If You’re Buying the New Property Through a Different Lender
Moving house is a natural refinancing opportunity. You don’t have to stay with your existing lender for the new purchase. Banks offer cashback deals (typically 0.5%–1% of the loan amount) to attract borrowers who are already going through the process of a property transaction.
However, switching lenders mid-transaction adds complexity — two separate settlements must be coordinated, and you need to ensure the discharge of your old mortgage is registered before or simultaneously with the new mortgage. Your lawyers coordinate this.

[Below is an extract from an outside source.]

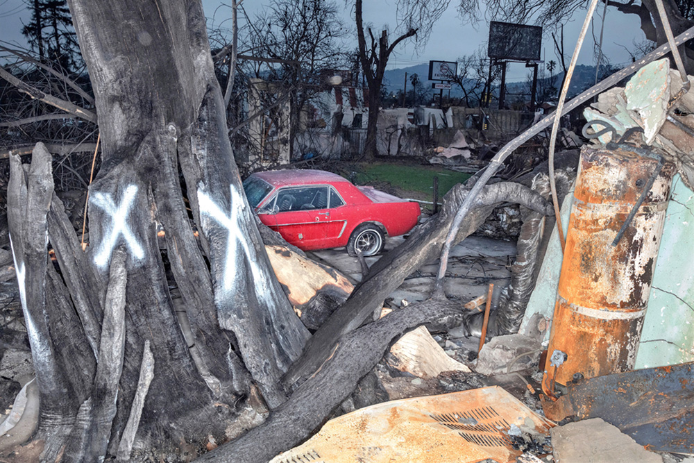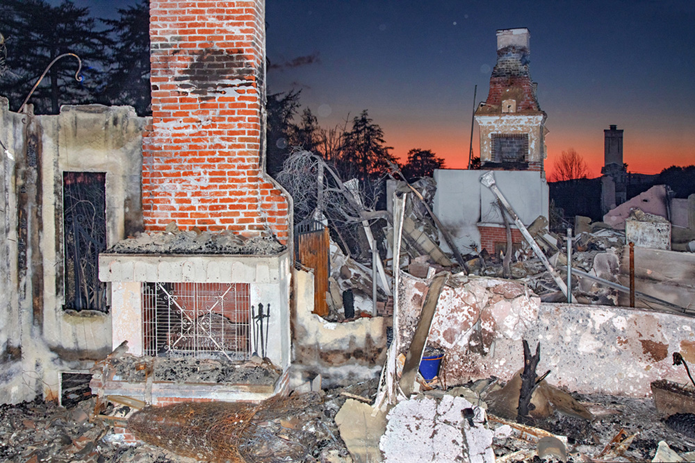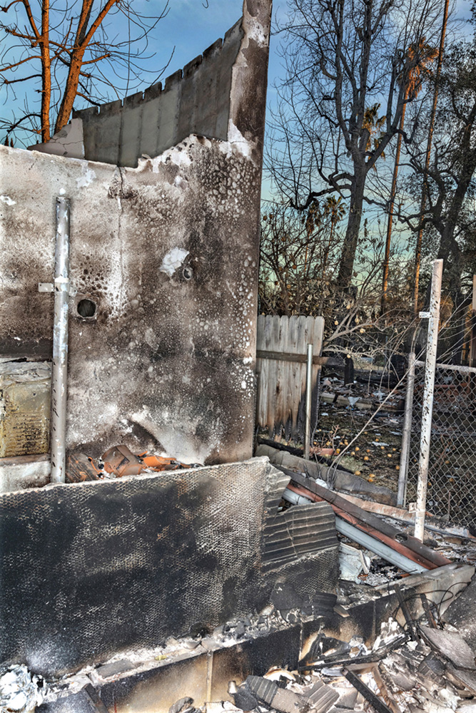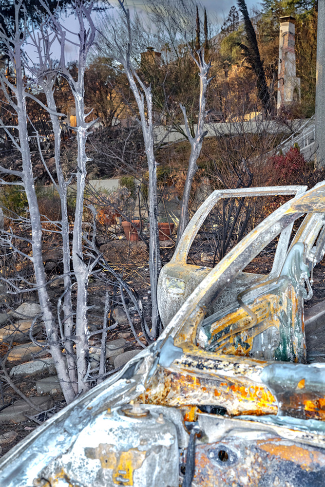 The houses and yards I walked through were unguarded, despite the televised concerns of local police chiefs and mayors that looting was likely. Anyone following my footsteps through the rubble would’ve realized there was absolutely nothing there to loot. The devastation was complete, and awesome in its way. As any photographer might, I’d expected to find occasional picturesque objects, momento mori, in the ashes––a family picture, a rocking chair, a case of trophies––but all that had been obliterated, utterly, by the ferocious heat of the holocaust, as if a bomb had dropped.

See the switching lenders guide for more on negotiating your new rate.
Timing Considerations
Same-day settlement: Coordinating sale and purchase on the same day is logistically complex but eliminates the rental gap. Both lawyers must be in constant communication to ensure funds flow correctly: sale proceeds → repay old mortgage → fund new purchase.
Longer bridge period: More comfortable but carries greater risk that market conditions change between buying and selling. The 2026 NZ market has more listings and longer days-to-sell than 2020–2022 — build in a realistic time buffer when estimating how long your sale will take.
Frequently Asked Questions
What is bridging finance when moving house in NZ?
Bridging finance is a short-term loan that funds the period when you own both your existing and new property simultaneously. It covers the “bridge” between the new purchase settling and your existing property selling. Banks assess your ability to service total debt on both properties (peak debt) before approving bridging.
Can I avoid a break fee when moving house in NZ?
Possibly — if market interest rates have risen significantly since you fixed, your break fee may be minimal or zero. You can also avoid the fee by timing your sale settlement to coincide with your fixed rate expiry. Get a break fee estimate from your bank before setting a settlement date.
How long does bridging finance last in NZ?
Most NZ banks offer bridging finance for up to 12 months. The expectation is that your existing property will sell within this window. Build in conservative timing when estimating your sale period, especially in a slower market.
Do I need to use the same bank when I move house in NZ?
No — moving house is a natural time to compare lenders. Cashback offers, better rates, and more flexible structures are all worth exploring. Using a mortgage broker at this stage costs you nothing and may save thousands.
What happens if my house doesn’t sell during bridging in NZ?
If the property hasn’t sold by the end of the bridge period, you’ll need to negotiate an extension with your bank (not guaranteed) or accept a potentially lower sale price to complete the transaction. This is the primary risk of buying before selling — price your existing property conservatively.